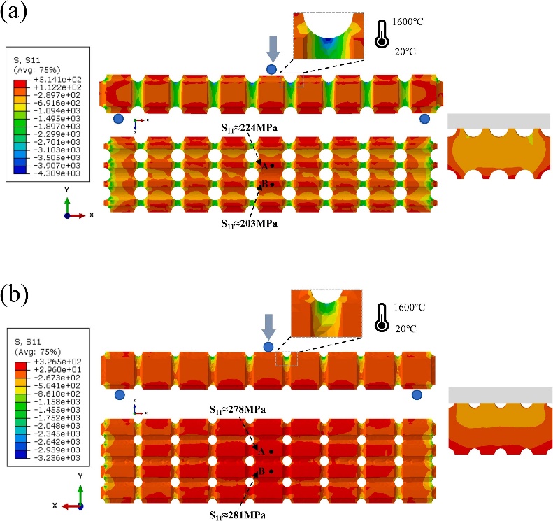 图3:(a)优化前SC单胞的陶瓷基体应力云图;(b)优化后陶瓷基体应力显著减小且分布更加均匀。
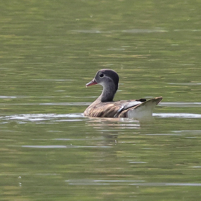 7th September 2025 - this male Mandarin Duck was spotted by Andy M on the Granta Park lake recently. This individual is in eclipse, the period when it renews its feathers, and so does not have the flashy spring plumage characteristic of the male and appears similar to the female, but retains the male's red bill.
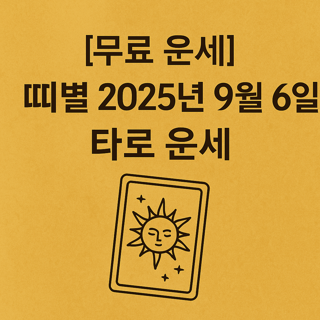 2025년 9월 6일은 변화와 성취가 교차하는 날입니다. 어떤 띠는 기회의 문이 활짝 열리고, 어떤 띠는 불확실성 속에서 신중해야 합니다. 오늘 하루를 어떻게 준비할지 타로카드의 메시지를 함께 보겠습니다.
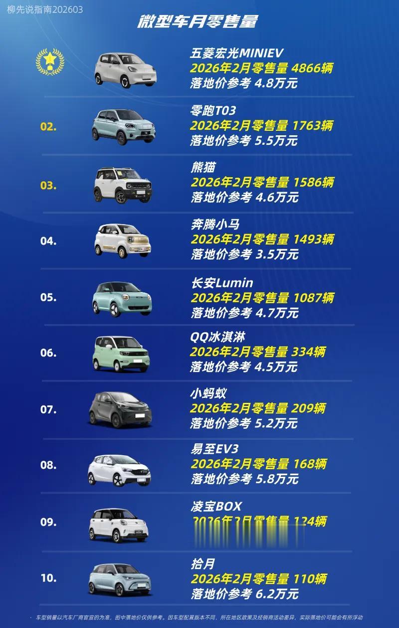 从2026年2月的销量数据来看,微型车市场销量前三甲分别为五菱宏光MINIEV、零跑T03以及吉利熊猫。稳居榜首位置的五菱宏光MINIEV,月零售量达4866辆。自上市以来就备受消费者青睐,是微型车市场的现象级产品,宏光MINIEV家族累计销量已破了190万辆。
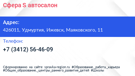 Сфера-S, автосалон по адресу 426011, Удмуртия, Ижевск, Маяковского, 11 в дальнейшем Организация, размещена в следующих категориях:
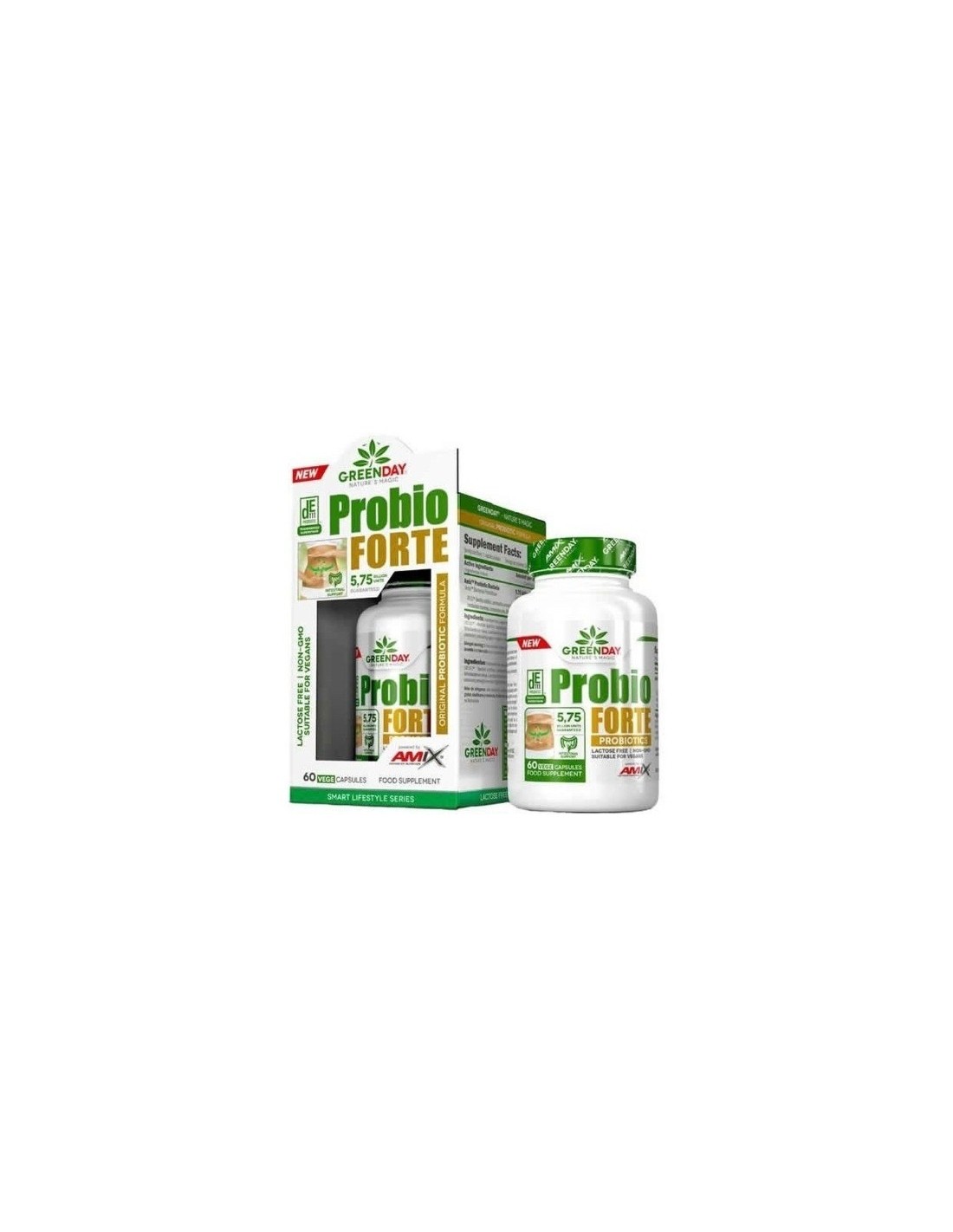 GreenDay® Probio Forte es un complemento alimenticio formulado con una mezcla de 7 cepas de bacterias probióticas, proporcionando 5.75 mil millones de unidades formadoras de colonias (CFU) por cápsula. Está diseñado para apoyar el equilibrio de la microbiota intestinal. Las cápsulas son vegetales, aptas para vegetarianos y veganos.
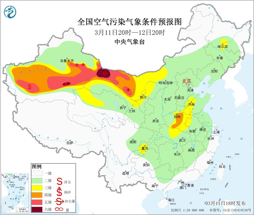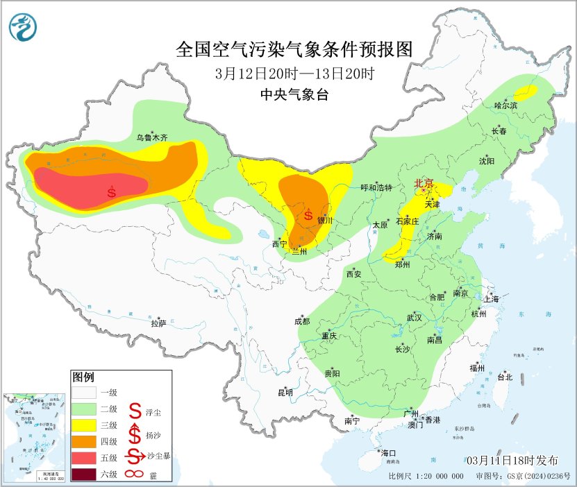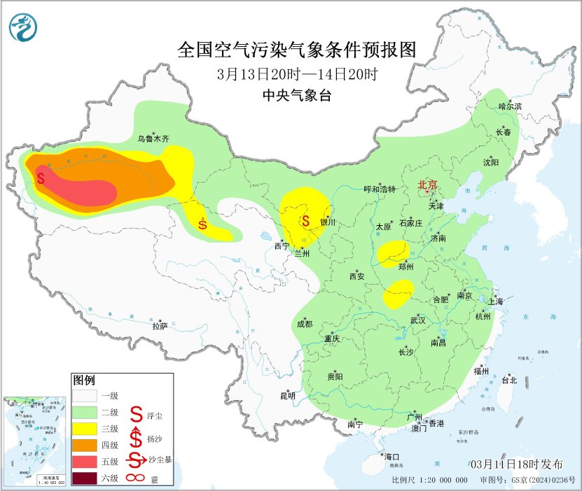 中国网3月11日讯 据中央气象台消息,未来一周,全国大部地区大气扩散和湿清除条件较好,无持续性霾天气。受大风天气影响,11日夜间至13日,我国西北地区有沙尘天气。中央气象台于3月11日18时继续发布沙尘暴蓝色预警。预计,3月11日20时至12日20时,新疆东部和南部、内蒙古西部、甘肃西部、青海北部、宁夏中北部等地的部分地区有扬沙或浮尘天气,其中,新疆吐鲁番盆地和南疆盆地东部、内蒙古西部、甘肃西部局地有沙尘暴或强沙尘暴。
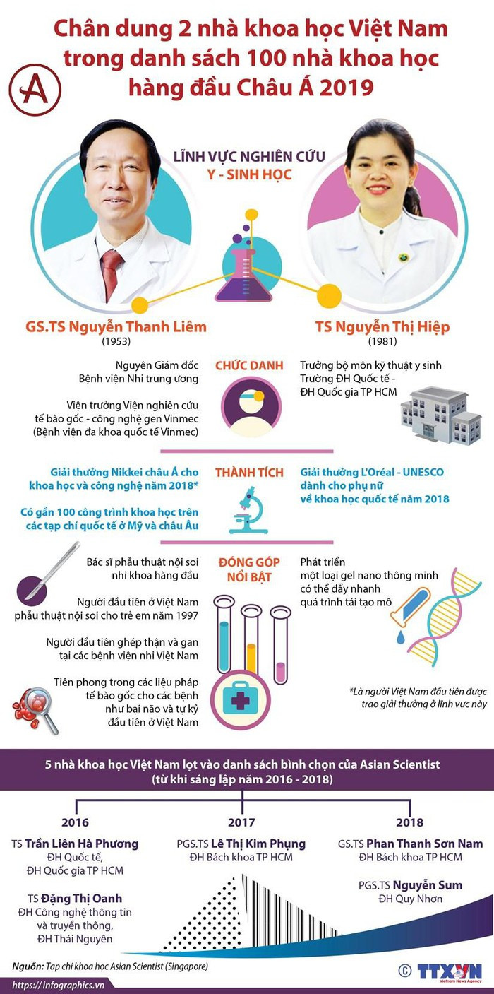 Giáo sư, tiến sỹ Nguyễn Thanh Liêm và tiến sỹ Nguyễn Thị Hiệp vừa được tạp chí khoa học Asian Scientist (Singapore) bình chọn là hai trong 100 nhà khoa học hàng đầu châu Á năm 2019 vì có thành tích xuất sắc trong lĩnh vực nghiên cứu y-sinh học./.
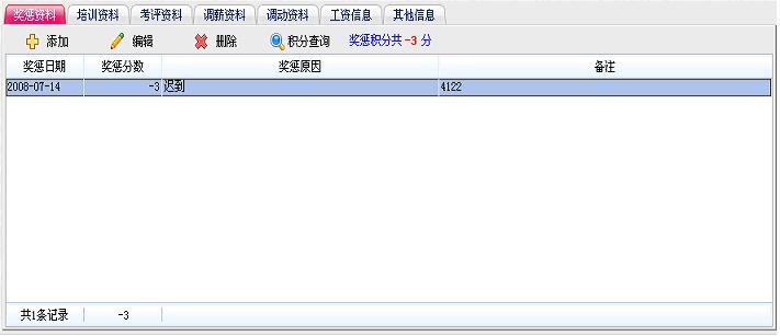 员工的各项人事记录可在选择员工后,在主界面下面的分栏里面进行添加、编辑、删除操作。如图: |
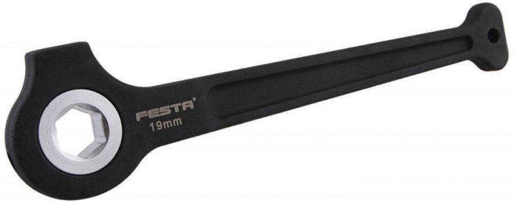 Lešenářská ráčna FESTA 19 mm je klíč - ráčna k trubkovému lešení. Tradiční lešenářská ráčna s vnitřní rohatkou, která obsahuje jen 6 velkých zubů. Díky tomu je mechanismus velmi odolný stejně, jako celá ráčna, kterou často používají i jako kladivo. Hmotnost 0,840 kg.
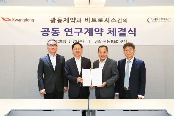 광동제약(대표이사 최성원)은 30일 생명공학 바이오벤처 기업 비트로시스(대표이사 박철수)와 바이오 신소재 개발 협력을 위한 공동 연구계약을 체결했다고 최근밝혔다.
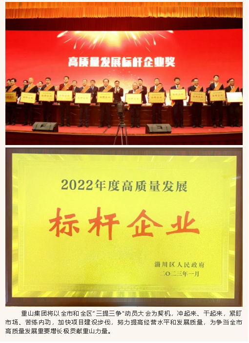 重山集團(tuán)榮獲“2022年度高質(zhì)量發(fā)展標(biāo)桿企業(yè)”
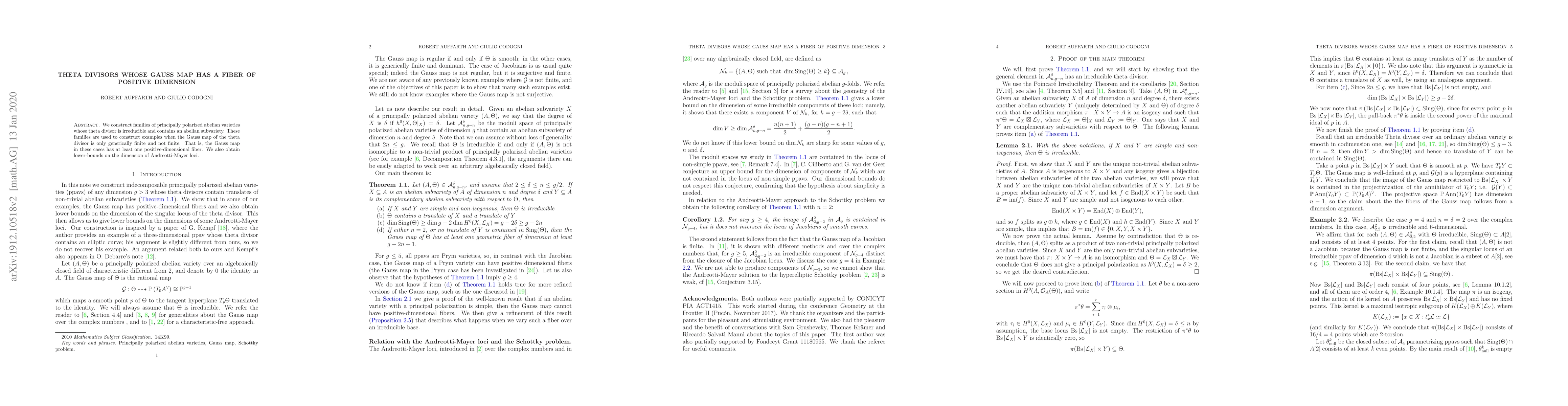 We construct families of principally polarized abelian varieties whose theta divisor is irreducible and contains an abelian subvariety. These families are used to construct examples when the Gauss map of the theta divisor is only generically finite and not finite. That is, the Gauss map in these cases has at least one positive-dimensional fiber. We also obtain lower-bounds on the dimension of Andreotti-Mayer loci.
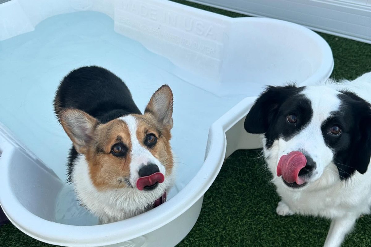 Lastly, I want to talk about the play groups. Flick has gone through at least 2 groups over the last few years. When he was younger, he was always playing so hard that he would come home tired for 2+ days after. Over the last year or so, that has evolved. He’s an Australian Cattle Dog and has definitely grown into the “herding/supervising” role that the breed is known for. He might even look a little grouchy. I believe he now spends his days with the puppies or the older crowd, keeping his eye on them. He’s more into panhandling for his treats and getting some pets than he is into playing these days. He’ll hang out with the other dogs a bit for a photo op, but you’ll probably catch him on a bed in the sun!!
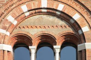 cornice costituita da una teoria di architetti a sesto acuto sormontato da una decorazione pittorica illeggibile.
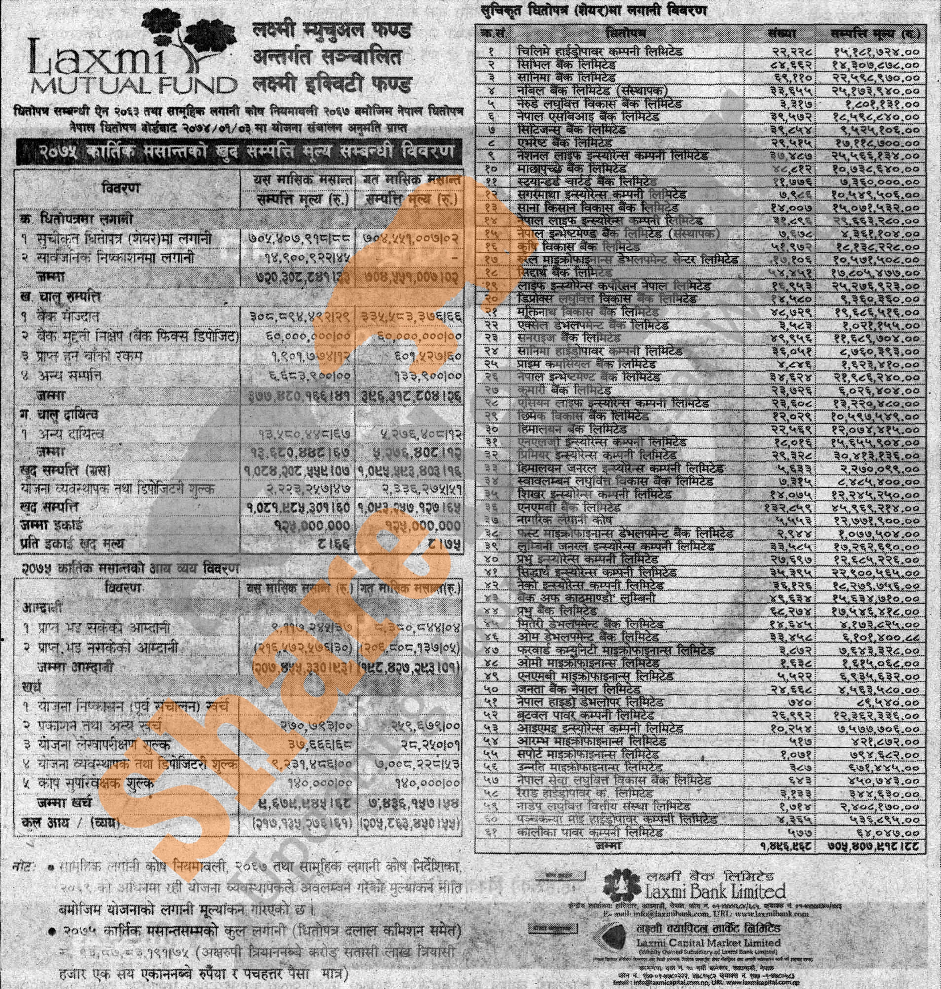 Laxmi Capital Market Limited has published “Laxmi Equity Fund” Net Asset Value (NAV) till Kartik, 2075.
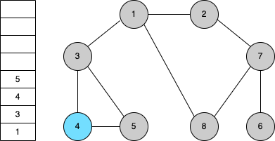 step 11. 스택의 최상단 노드인 '3'에 방문하지 않은 인접 노드 '4'와 '5'가 있다. 이 중에서 가장 작은 노드인 '4'를 스택에 넣고 방문 처리를 한다.
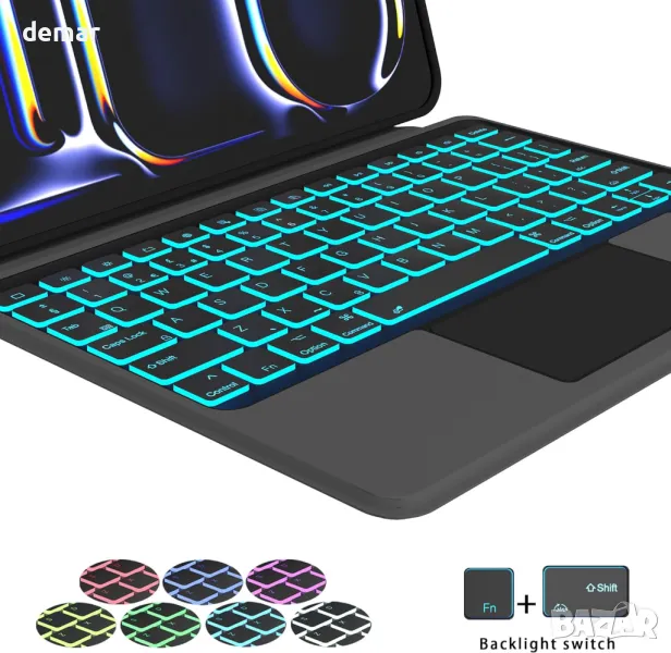 ROOFEI Калъф с клавиатура за iPad Pro 11-инчов (M4, 2024, A2836,A2837,A3006), 7 цветна подсветка
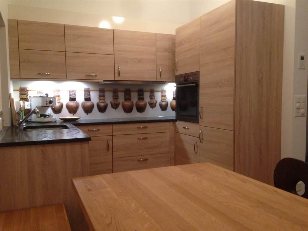 EG: Wohnbereich mit Sofa, Schwedenofen und Satelitenfernseher. Essbereich und offene Küche inkl. Geschirrspüler, Backofen, Kühl- und separatem Gefrierschrank. Schlafzimmer mit Doppelbett 160x200cm. Badezimmer mit Toilette und Dusche.

WHAT THE TASK ASKS – Retype the listing exactly. Skip every picture.

COMPLETED TASK –
 图3:(a)优化前SC单胞的陶瓷基体应力云图;(b)优化后陶瓷基体应力显著减小且分布更加均匀。
 7th September 2025 - this male Mandarin Duck was spotted by Andy M on the Granta Park lake recently. This individual is in eclipse, the period when it renews its feathers, and so does not have the flashy spring plumage characteristic of the male and appears similar to the female, but retains the male's red bill.
 2025년 9월 6일은 변화와 성취가 교차하는 날입니다. 어떤 띠는 기회의 문이 활짝 열리고, 어떤 띠는 불확실성 속에서 신중해야 합니다. 오늘 하루를 어떻게 준비할지 타로카드의 메시지를 함께 보겠습니다.
 从2026年2月的销量数据来看,微型车市场销量前三甲分别为五菱宏光MINIEV、零跑T03以及吉利熊猫。稳居榜首位置的五菱宏光MINIEV,月零售量达4866辆。自上市以来就备受消费者青睐,是微型车市场的现象级产品,宏光MINIEV家族累计销量已破了190万辆。
 Сфера-S, автосалон по адресу 426011, Удмуртия, Ижевск, Маяковского, 11 в дальнейшем Организация, размещена в следующих категориях:
 GreenDay® Probio Forte es un complemento alimenticio formulado con una mezcla de 7 cepas de bacterias probióticas, proporcionando 5.75 mil millones de unidades formadoras de colonias (CFU) por cápsula. Está diseñado para apoyar el equilibrio de la microbiota intestinal. Las cápsulas son vegetales, aptas para vegetarianos y veganos.
 中国网3月11日讯 据中央气象台消息,未来一周,全国大部地区大气扩散和湿清除条件较好,无持续性霾天气。受大风天气影响,11日夜间至13日,我国西北地区有沙尘天气。中央气象台于3月11日18时继续发布沙尘暴蓝色预警。预计,3月11日20时至12日20时,新疆东部和南部、内蒙古西部、甘肃西部、青海北部、宁夏中北部等地的部分地区有扬沙或浮尘天气,其中,新疆吐鲁番盆地和南疆盆地东部、内蒙古西部、甘肃西部局地有沙尘暴或强沙尘暴。
 Giáo sư, tiến sỹ Nguyễn Thanh Liêm và tiến sỹ Nguyễn Thị Hiệp vừa được tạp chí khoa học Asian Scientist (Singapore) bình chọn là hai trong 100 nhà khoa học hàng đầu châu Á năm 2019 vì có thành tích xuất sắc trong lĩnh vực nghiên cứu y-sinh học./.
 员工的各项人事记录可在选择员工后,在主界面下面的分栏里面进行添加、编辑、删除操作。如图: |
 Lešenářská ráčna FESTA 19 mm je klíč - ráčna k trubkovému lešení. Tradiční lešenářská ráčna s vnitřní rohatkou, která obsahuje jen 6 velkých zubů. Díky tomu je mechanismus velmi odolný stejně, jako celá ráčna, kterou často používají i jako kladivo. Hmotnost 0,840 kg.
 광동제약(대표이사 최성원)은 30일 생명공학 바이오벤처 기업 비트로시스(대표이사 박철수)와 바이오 신소재 개발 협력을 위한 공동 연구계약을 체결했다고 최근밝혔다.
 重山集團(tuán)榮獲“2022年度高質(zhì)量發(fā)展標(biāo)桿企業(yè)”
 We construct families of principally polarized abelian varieties whose theta divisor is irreducible and contains an abelian subvariety. These families are used to construct examples when the Gauss map of the theta divisor is only generically finite and not finite. That is, the Gauss map in these cases has at least one positive-dimensional fiber. We also obtain lower-bounds on the dimension of Andreotti-Mayer loci.
 Lastly, I want to talk about the play groups. Flick has gone through at least 2 groups over the last few years. When he was younger, he was always playing so hard that he would come home tired for 2+ days after. Over the last year or so, that has evolved. He’s an Australian Cattle Dog and has definitely grown into the “herding/supervising” role that the breed is known for. He might even look a little grouchy. I believe he now spends his days with the puppies or the older crowd, keeping his eye on them. He’s more into panhandling for his treats and getting some pets than he is into playing these days. He’ll hang out with the other dogs a bit for a photo op, but you’ll probably catch him on a bed in the sun!!
 cornice costituita da una teoria di architetti a sesto acuto sormontato da una decorazione pittorica illeggibile.
 Laxmi Capital Market Limited has published “Laxmi Equity Fund” Net Asset Value (NAV) till Kartik, 2075.
 step 11. 스택의 최상단 노드인 '3'에 방문하지 않은 인접 노드 '4'와 '5'가 있다. 이 중에서 가장 작은 노드인 '4'를 스택에 넣고 방문 처리를 한다.
 ROOFEI Калъф с клавиатура за iPad Pro 11-инчов (M4, 2024, A2836,A2837,A3006), 7 цветна подсветка
 EG: Wohnbereich mit Sofa, Schwedenofen und Satelitenfernseher. Essbereich und offene Küche inkl. Geschirrspüler, Backofen, Kühl- und separatem Gefrierschrank. Schlafzimmer mit Doppelbett 160x200cm. Badezimmer mit Toilette und Dusche.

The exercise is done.